## TASK PROMPT
From the listing below, reproduce exactly the lines starting with the one with "在科技楼学术报告厅,在家校领" and going on through the one with "东阳木雕花板中式仿古实木玄关手工雕刻吊顶背景墙隔断屏风定制", both ends kept. No picture is copied.

+++ INPUT DATA

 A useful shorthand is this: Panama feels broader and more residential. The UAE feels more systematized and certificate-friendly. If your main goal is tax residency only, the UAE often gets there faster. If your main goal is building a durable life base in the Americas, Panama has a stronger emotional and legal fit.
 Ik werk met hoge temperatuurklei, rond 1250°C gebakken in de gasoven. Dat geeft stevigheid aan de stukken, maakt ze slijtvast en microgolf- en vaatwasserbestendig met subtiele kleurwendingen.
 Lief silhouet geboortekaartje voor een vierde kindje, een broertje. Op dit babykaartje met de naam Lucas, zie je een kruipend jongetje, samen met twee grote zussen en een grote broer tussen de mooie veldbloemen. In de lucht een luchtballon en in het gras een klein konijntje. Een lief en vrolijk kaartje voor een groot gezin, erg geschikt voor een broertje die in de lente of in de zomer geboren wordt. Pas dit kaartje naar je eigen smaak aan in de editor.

++++++
+++ INPUT DATA

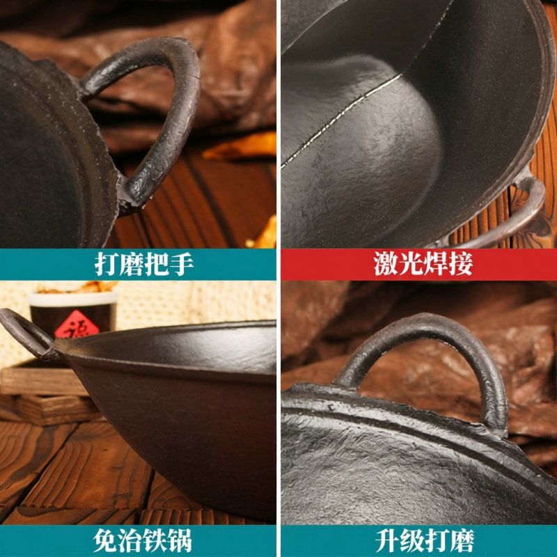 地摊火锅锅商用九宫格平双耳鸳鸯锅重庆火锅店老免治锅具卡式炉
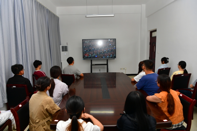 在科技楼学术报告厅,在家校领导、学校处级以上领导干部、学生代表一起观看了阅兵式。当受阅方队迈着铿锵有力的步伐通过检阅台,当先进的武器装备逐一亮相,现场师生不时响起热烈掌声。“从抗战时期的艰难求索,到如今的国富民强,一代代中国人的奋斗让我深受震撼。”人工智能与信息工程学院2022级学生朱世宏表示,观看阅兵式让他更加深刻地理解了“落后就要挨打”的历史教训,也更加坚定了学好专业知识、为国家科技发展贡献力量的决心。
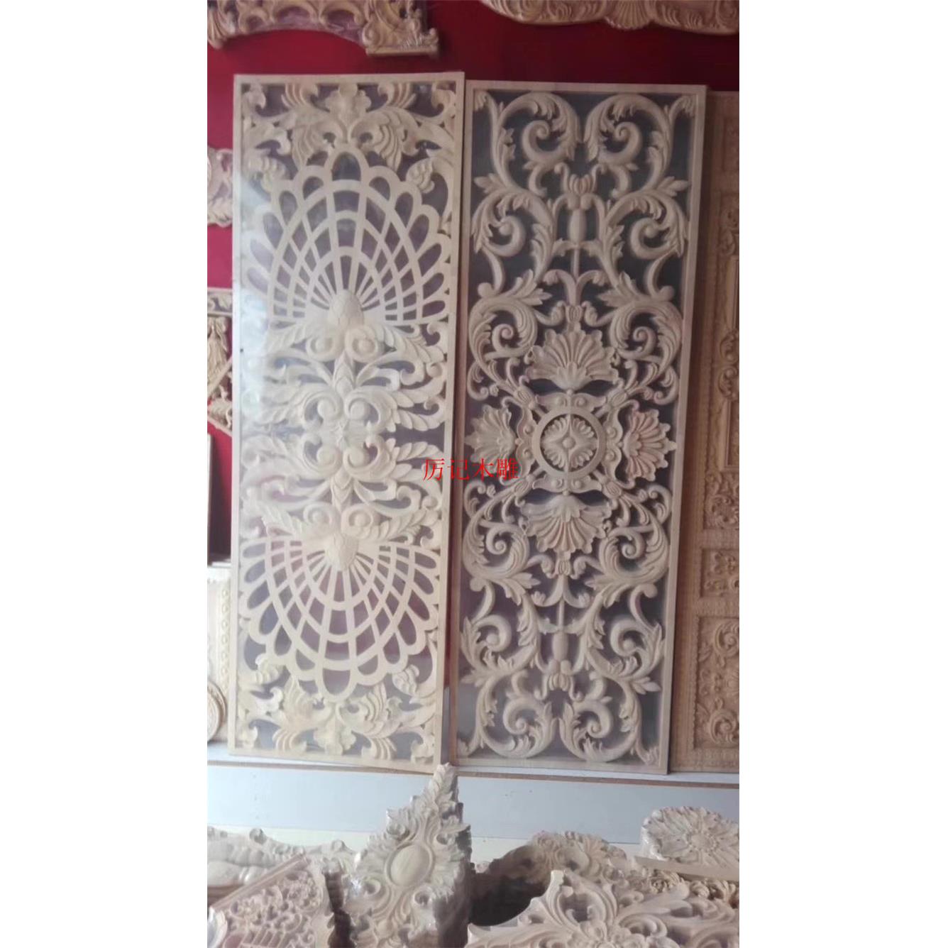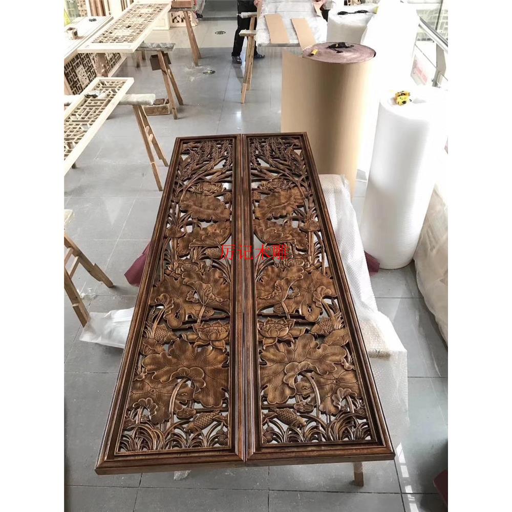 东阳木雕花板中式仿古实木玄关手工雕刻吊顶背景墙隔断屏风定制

++++++

## PROBLEM SOLUTION
 在科技楼学术报告厅,在家校领导、学校处级以上领导干部、学生代表一起观看了阅兵式。当受阅方队迈着铿锵有力的步伐通过检阅台,当先进的武器装备逐一亮相,现场师生不时响起热烈掌声。“从抗战时期的艰难求索,到如今的国富民强,一代代中国人的奋斗让我深受震撼。”人工智能与信息工程学院2022级学生朱世宏表示,观看阅兵式让他更加深刻地理解了“落后就要挨打”的历史教训,也更加坚定了学好专业知识、为国家科技发展贡献力量的决心。
 东阳木雕花板中式仿古实木玄关手工雕刻吊顶背景墙隔断屏风定制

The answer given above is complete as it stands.